Вон та старушка: милый парик с буклями, сумка надежно прижата к впалому животу. Жизнь долгая за спиной, сколько их уже было, этих покемоновых дней, и не упомнишь. Сначала сын-алкоголик, приводивший домой развинченных, сморкающихся прямо на пол дружков. Он разрешал им материться и ходить в трусах, а ее посылать в магазин за водкой: «А че, мать, тебе че ли трудно?». Умер сынок, свалился спьяну в коллектор на своем заводе, сварился.

Вон та парочка… А водитель? Водитель – махровый покемон. Да ну их всех к черту!

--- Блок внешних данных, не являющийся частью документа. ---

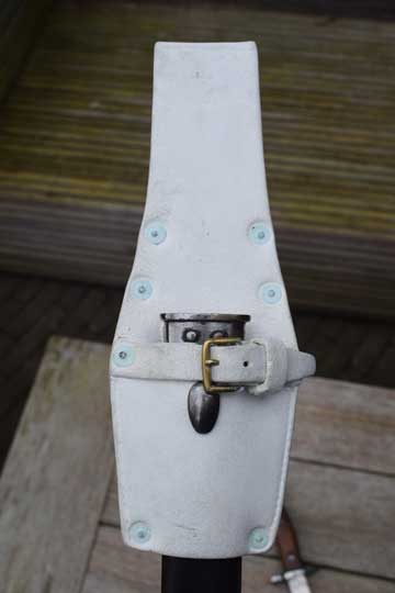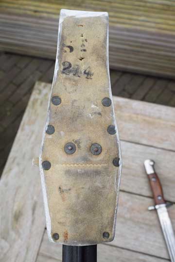 Excellent black leather scabbard with Enfield marking on the top mount and RE stamp ( = Remington ) on the chape. Teardrop frog stud and three rivets in the top mount. No dents to the bright polished mounts. Excellent Leather body is marked and dated: H.G.R.'09 and /I\ EFD and two Enfield inspection markings.

Вот только Ольга – ни за что не представить ее в этом обличье. А ведь странно. Когда живешь, как она – в жертву… Ведь наверняка – сколько было поводов для унижения, для обиды незаслуженной со стороны больного моего отца. Какой-то есть у нее секрет, мне не доступный.

И Мария. Да, Мария. Живет на каторге под присмотром двух мерзавцев. И – ничего. Посмеивается.

Проехали под мостом – на несколько секунд темно, шумно – будто наорало на нас это мрачное тесное пространство. Вдоль окон поплыли морщинистые туловища деревьев, автобус завалился на бок, как бомбардировщик на вираже, и покатил по широкой дуге, огибая площадь. Здесь уже близко. Сегодня выходной, Мария скорее всего дома. Плевать на все – пойду прямиком к ней, позвоню в дверь. Теперь плевать. Если откроет муж или сын, совру что-нибудь, скажу, например, что с работы, попрошу ее выйти на пару секунд. Что я успею за пару секунд? Скажу ей… Пока не знаю, что скажу. Соображу на месте. Зачем-то ведь меня тянет к ней так сильно, что задыхаюсь от нетерпения. А может быть, она одна дома.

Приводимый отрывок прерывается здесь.